“La La Land” è l’ultimo film di Damian Chazelle, regista reduce dal grande successo di Whiplash. Ha il titolo che suona come un jingle scanzonato, sembra uno scioglilingua a pronunciarlo. Tradurlo è complesso: “Terra del la la”, o “Terra del doppio La”, o, con un nesso di senso, “Terra della musica”. E dell’arte forse insieme. Arte? O presunta arte? Sarebbe meglio parlare di successo perché è in fondo questo che conta a Los Angeles, città abbreviata in L.A. (ancora “la” quindi e non è un caso). Qui quelli che contano “venerano tutto, ma non danno importanza a niente”, come afferma Sebastian, il protagonista maschile del film; così i nostri protagonisti sopravvivono nella città delle star senza riuscire a dimostrare quello che valgono né diventare quello che desiderano. È la città del La La La, ma anche quella del Bla Bla Bla. Sarà una certa suggestione proveniente dal chiacchiericcio della Roma stigmatizzata nella Grande Bellezza, ma anche qui i “potenti” continuano a blaterare del niente e sembrano non avere orecchie né occhi per chi ha davvero qualcosa da dire: i giovani. Così, per fuggire da un mondo che li mastica e sputa, Mia (Emma Stone), aspirante attrice e Sebastian (Ryan Gosling), musicista jazz, ridotto a suonare musichette kitsch in ristoranti qualsiasi, si incontrano, si amano e si sostengono a vicenda per conquistare il loro posto nel mondo. Il genere cui questo film si avvicina maggiormente è la commedia musicale, ma quello che lascia addosso, a visione conclusa, è una sana e profonda tristezza. Quello che “La La Land” descrive, pur con squarci poetici, è il mondo reale: viviamo davvero in un microcosmo che ai giovani non lascia alcuno spazio. Questo film è malinconia pura. Dapprima quando dipinge la lotta ostinata per raggiungere il successo, e poi, a successo raggiunto, quando i protagonisti guardano indietro, al prezzo pagato per la realizzazione dei propri sogni.

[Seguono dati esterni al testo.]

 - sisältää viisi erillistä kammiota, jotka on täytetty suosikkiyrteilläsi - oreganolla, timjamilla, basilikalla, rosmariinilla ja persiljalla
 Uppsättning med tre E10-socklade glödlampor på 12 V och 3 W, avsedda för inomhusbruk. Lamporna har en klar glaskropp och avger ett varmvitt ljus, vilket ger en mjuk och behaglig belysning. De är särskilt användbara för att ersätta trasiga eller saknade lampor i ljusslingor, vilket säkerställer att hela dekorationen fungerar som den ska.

Questo film, che ha già raccolto applausi e premi in alcuni Festival internazionali – a Venezia Emma Stone si è conquistata la Coppa Volpi; in patria la pellicola ha già portato a casa ben sette Golden Globe e le quattordici candidature agli Oscar fanno ben sperare – ha il grandissimo merito di riuscire a parlare ad un pubblico vario, con differenti aspettative e background. Se da una parte intrattiene, e a tratti commuove, raccontando una storia in cui non ci si può che immedesimare, dall’altra mostra una capacità tecnica eccellente: piani sequenza perfetti, l’uso della pellicola al posto del digitale, una fotografia bagnata dalla luce; tutto concorre a realizzare metacinema privo di retorica. Molte sono le citazioni dai grandi film del passato: i classici della commedia musicale in primis, ma anche film di genere diverso che hanno fatto la storia del cinema.

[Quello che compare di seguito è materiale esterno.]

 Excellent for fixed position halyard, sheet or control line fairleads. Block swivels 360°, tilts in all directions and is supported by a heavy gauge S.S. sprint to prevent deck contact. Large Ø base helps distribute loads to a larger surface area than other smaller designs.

Tra tutti il riferimento principale pare essere il francese Jacques Demy che già Chazelle definisce sua fonte di ispirazione: il regista francese, dedicatosi a partire dagli anni ’60 ai musical, spazia da produzioni vivaci e colorate come Les Parapluies de Cherbourg ad altre più malinconiche come Josephine, traduzione italiana per Les Demoiselles de Rochefort, citata precisamente nel primo piano sequenza del film. In La La Land ritroviamo sia il vitalismo di Demy, sia la sua ossessione per la ricerca dell’inquadratura e del colore, sia una tristezza di fondo che riesce a rappresentare la vita vera, in un genere invece tendente al patinato. Tra gli altri riferimenti tutta la produzione Metro Goldwyn Mayer di Vincente Minelli e i musical di Fred Astaire e Ginger Rogers.

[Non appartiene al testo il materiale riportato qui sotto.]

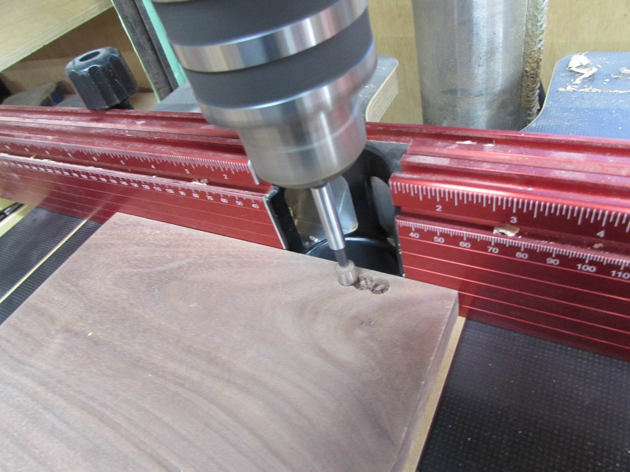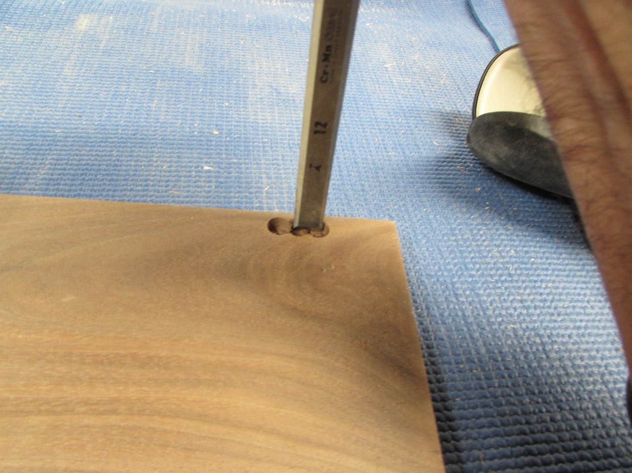 After marking, I can drill the required holes on the drill press and use a chisel to clean out the rest.

I due protagonisti sono all’altezza dei loro predecessori? Emma Stone si conferma un’attrice sorprendente: intensa e ironica insieme, buca lo schermo con il suo sorriso e le sue fragilità. Non posso dire lo stesso di Ryan Gosling, forse uno degli attori più sopravvalutati di Hollywood: mediocre e al limite della monoespressività in un film che, visto il genere, non lo permetterebbe.
La la land, pur non essendo perfetto – dopo la metà il ritmo e l’appeal del film calano per poi riprendersi sul finale e alcune scene risultano troppo kitsch anche per un musical – è un ottimo prodotto che ha riempito e continuerà a riempire le sale grazie alla sua capacità di divertire ed emozionare. Probabilmente anche agli Oscar farà incetta di premi, un po’ come The Artist nel 2012. Film coraggiosi, belli e ben girati, ma anche furbi nello strizzare l’occhio a quello che il pubblico di certo non potrà che apprezzare.